Inside Data 57

by Graham Keitch

Now you can access your data from mobile devices. Graham Keitch checks out BI on the move.

HardCopy Issue: 57 | Published: September 1, 2012

For some time now, Business Intelligence (BI) has been labelled the ‘must have’ technology for companies seeking a competitive advantage. BI takes basic reporting to the next level, adding analytics and enhanced data visualisation to aid interpretation and decision making. It can be run against a local data source in a standalone environment but it is more common in larger organisations to adopt a client server model to facilitate multi-user, controlled and scheduled access to back end BI resources.

The reporting engine can be embedded in a thick client .NET or Java application. Alternatively, a thin client architecture can be adopted. This typically uses a browser or viewer to access server side results, and can be extended to mobile clients. Most mobile BI solutions merely provide Web access and limited functionality for on board data interrogation and presentation, but new technologies are permitting more to be done at the front end. The BlackBerry’s larger screen and keyboard removed some of the obstacles and paved the way for purpose-built mobile BI apps for platforms such as iOS, Android and Windows Phone 7. Let’s take a quick look at mobile BI as provided by three leading publishers in this field, namely Oracle, Microsoft and SAP.
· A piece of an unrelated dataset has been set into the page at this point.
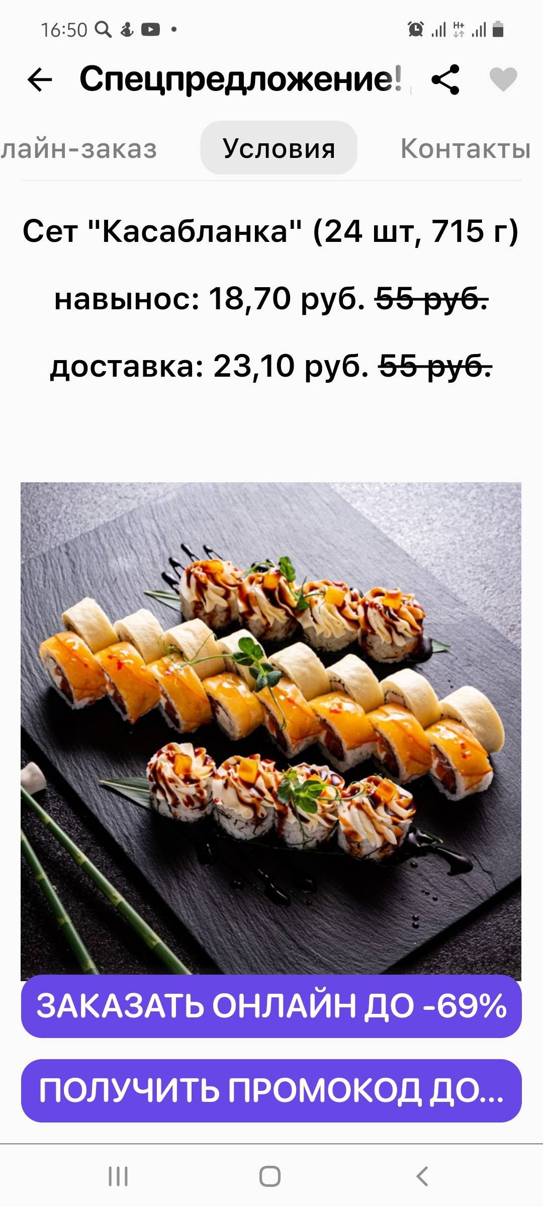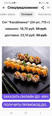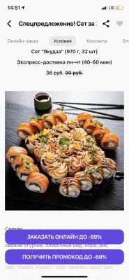 - Промокод дает право на скидку до 60% на суши-сеты от "ART FOOD"

Oracle is an industry leader in this area and their BI offering is a subset of Oracle Business Analytics which includes Enterprise Performance Management (EPM) tools. For extreme analytics performance, this includes an optimised hardware and software solution known as Oracle Exalytics that utilises in-memory database technology.
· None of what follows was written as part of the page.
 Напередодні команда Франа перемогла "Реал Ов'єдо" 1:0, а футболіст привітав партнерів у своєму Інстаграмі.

Embarcadero DB Optimizer screenshot

Embarcadero’s DB Optimizer graphically portrays information about bottlenecks and other parameters that affect database performance.
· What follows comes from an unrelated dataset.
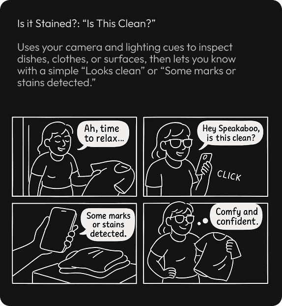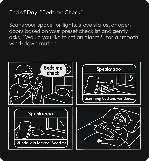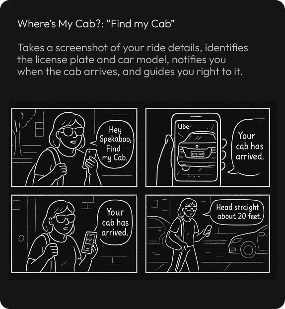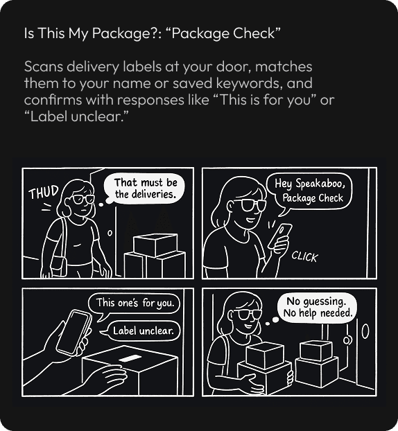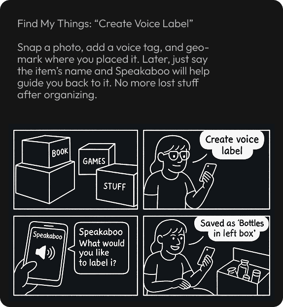 Using spatial mapping, Speakaboo detects and identifies nearby objects like doors, furniture, or key landmarks and delivers precise directional feedback through sound and vibration. This helps users locate and approach objects faster, minimizing uncertainty in unfamiliar spaces.

SQL Server 2012 uses columnstore indexes for column storage and users are reporting tenfold or more performance gains for some queries when used with improved compression and in-memory storage. BI and analytics are two areas that Microsoft has focused on to deliver dramatic performance enhancements, and their database line-up has been reconfigured to reflect this. There is now a dedicated BI edition, although the most advanced features such as proactive caching and xVelocity optimised columnstore indexes are reserved for the Enterprise Edition.

Oracle provides its high-end Enterprise Edition with a number of add-on products to improve the performance of data warehouse queries, including one for OLAP. Oracle Database 11g R2 introduced some advanced compression technologies to store related columns contiguously on data blocks and to remove duplicate values. This reduces the amount of disk space needed as well as I/O and network traffic, allowing smaller and more affordable high performance solid state disks to be deployed. The Partitioning Option for Oracle Database Enterprise allows a table or index to be subdivided into smaller portions. You might choose to ‘remove’ old orders from a table or create an optimised subset for a specific query or report. These leaner partitions can be managed individually or collectively to increase performance and availability.


Third party products

There are also a number of products from other companies that can maximise database performance. These include database drivers and tools for storage management and SQL code tuning.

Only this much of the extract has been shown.